AIM OF THE EXERCISE
Lines from the one containing "Dynamik in der" through the final line of the data, restated word for word and free of pictures, make up the whole answer.

━━ DATASET EXTRACT ━━

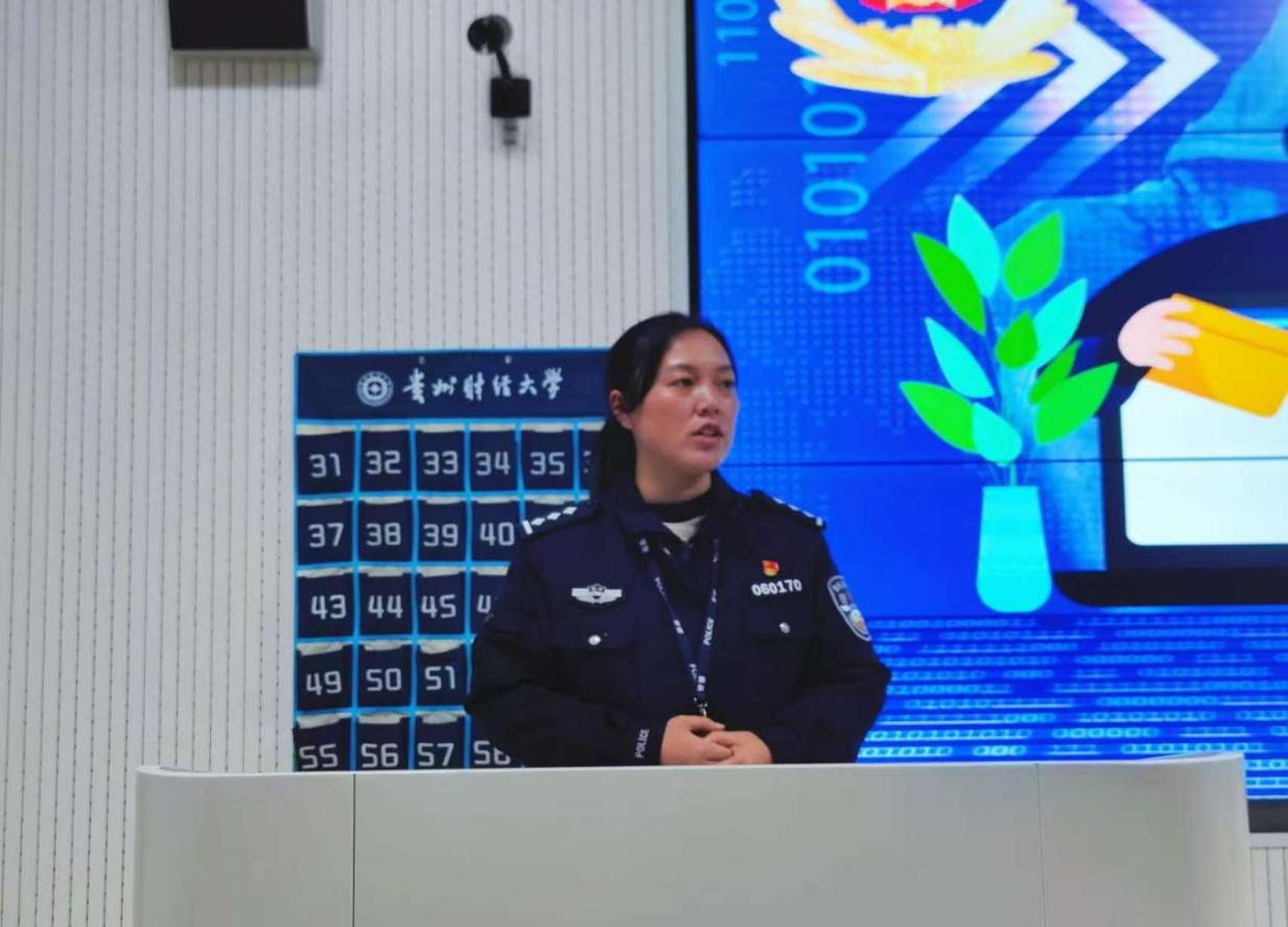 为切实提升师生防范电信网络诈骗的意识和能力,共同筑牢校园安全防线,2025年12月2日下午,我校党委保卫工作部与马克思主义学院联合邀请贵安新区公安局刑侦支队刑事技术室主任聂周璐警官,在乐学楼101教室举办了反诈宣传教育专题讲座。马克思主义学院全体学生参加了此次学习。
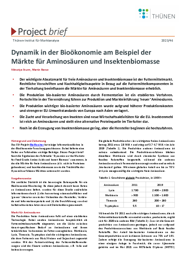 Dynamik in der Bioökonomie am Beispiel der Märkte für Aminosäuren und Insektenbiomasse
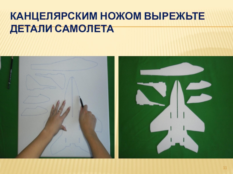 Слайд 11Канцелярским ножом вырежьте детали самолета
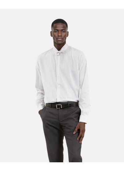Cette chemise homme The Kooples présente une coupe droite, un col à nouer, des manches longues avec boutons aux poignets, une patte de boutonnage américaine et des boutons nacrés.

━━━

SOLVED EXERCISE
 Dynamik in der Bioökonomie am Beispiel der Märkte für Aminosäuren und Insektenbiomasse
 Слайд 11Канцелярским ножом вырежьте детали самолета
Cette chemise homme The Kooples présente une coupe droite, un col à nouer, des manches longues avec boutons aux poignets, une patte de boutonnage américaine et des boutons nacrés.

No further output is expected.